## Work item:
Leave out the pictures, and write out exactly the lines from the beginning of the material to the line holding "Estos aretes dorados", that line included, and nothing else.

## Data excerpt:
────────────────
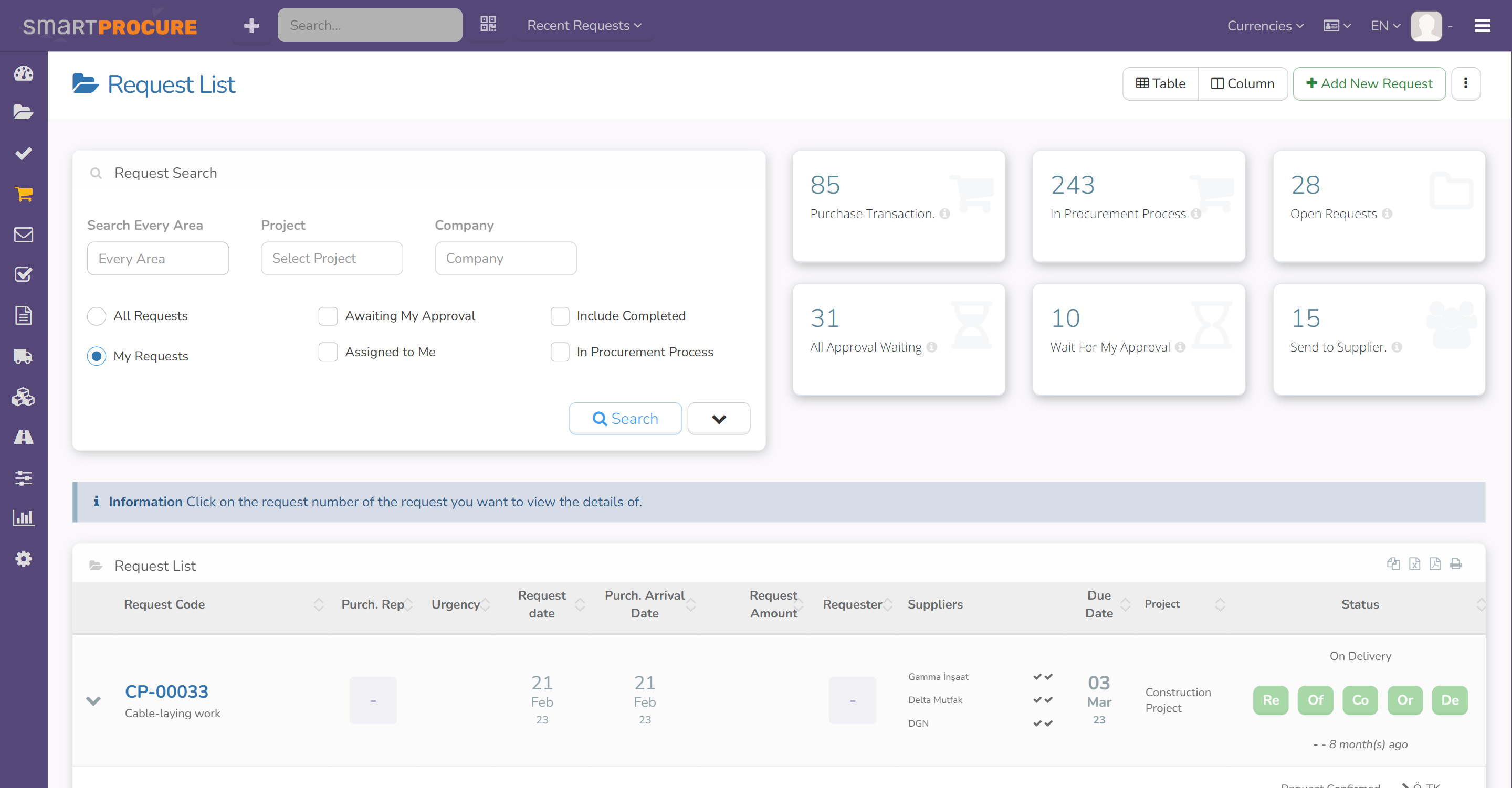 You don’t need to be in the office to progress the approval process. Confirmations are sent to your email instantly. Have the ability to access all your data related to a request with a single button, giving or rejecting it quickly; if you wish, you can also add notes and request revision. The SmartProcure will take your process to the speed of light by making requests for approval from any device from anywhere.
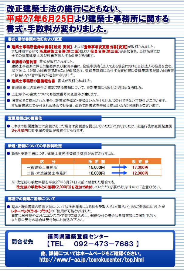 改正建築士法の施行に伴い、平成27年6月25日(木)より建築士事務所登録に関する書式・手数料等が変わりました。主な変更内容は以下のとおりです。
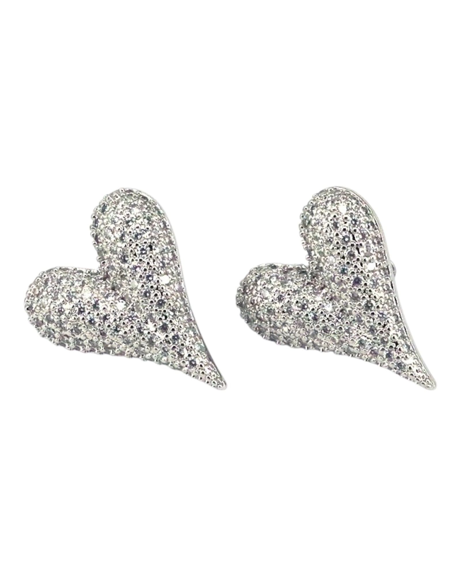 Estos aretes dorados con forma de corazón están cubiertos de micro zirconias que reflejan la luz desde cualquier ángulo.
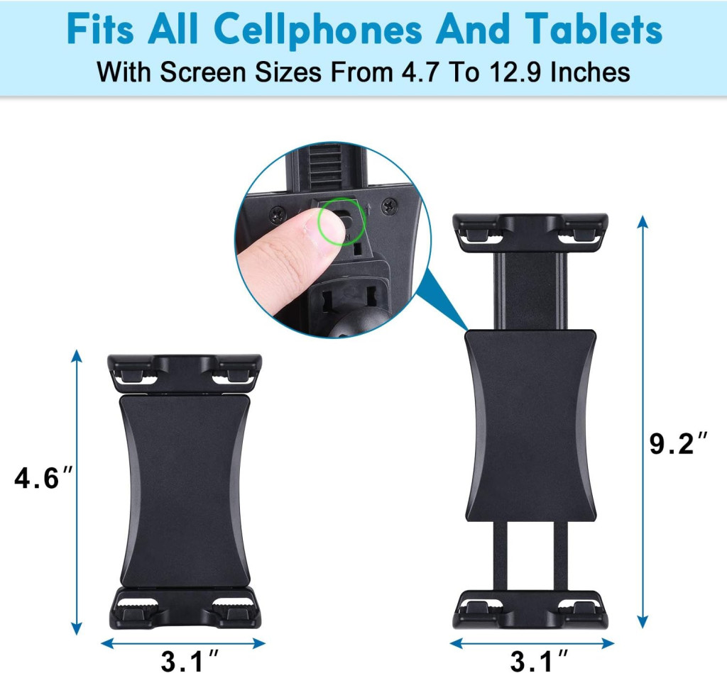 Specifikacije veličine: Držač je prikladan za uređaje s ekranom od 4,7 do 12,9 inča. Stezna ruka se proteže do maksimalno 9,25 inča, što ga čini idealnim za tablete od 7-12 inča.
────────────────
## Result:
 You don’t need to be in the office to progress the approval process. Confirmations are sent to your email instantly. Have the ability to access all your data related to a request with a single button, giving or rejecting it quickly; if you wish, you can also add notes and request revision. The SmartProcure will take your process to the speed of light by making requests for approval from any device from anywhere.
 改正建築士法の施行に伴い、平成27年6月25日(木)より建築士事務所登録に関する書式・手数料等が変わりました。主な変更内容は以下のとおりです。
 Estos aretes dorados con forma de corazón están cubiertos de micro zirconias que reflejan la luz desde cualquier ángulo.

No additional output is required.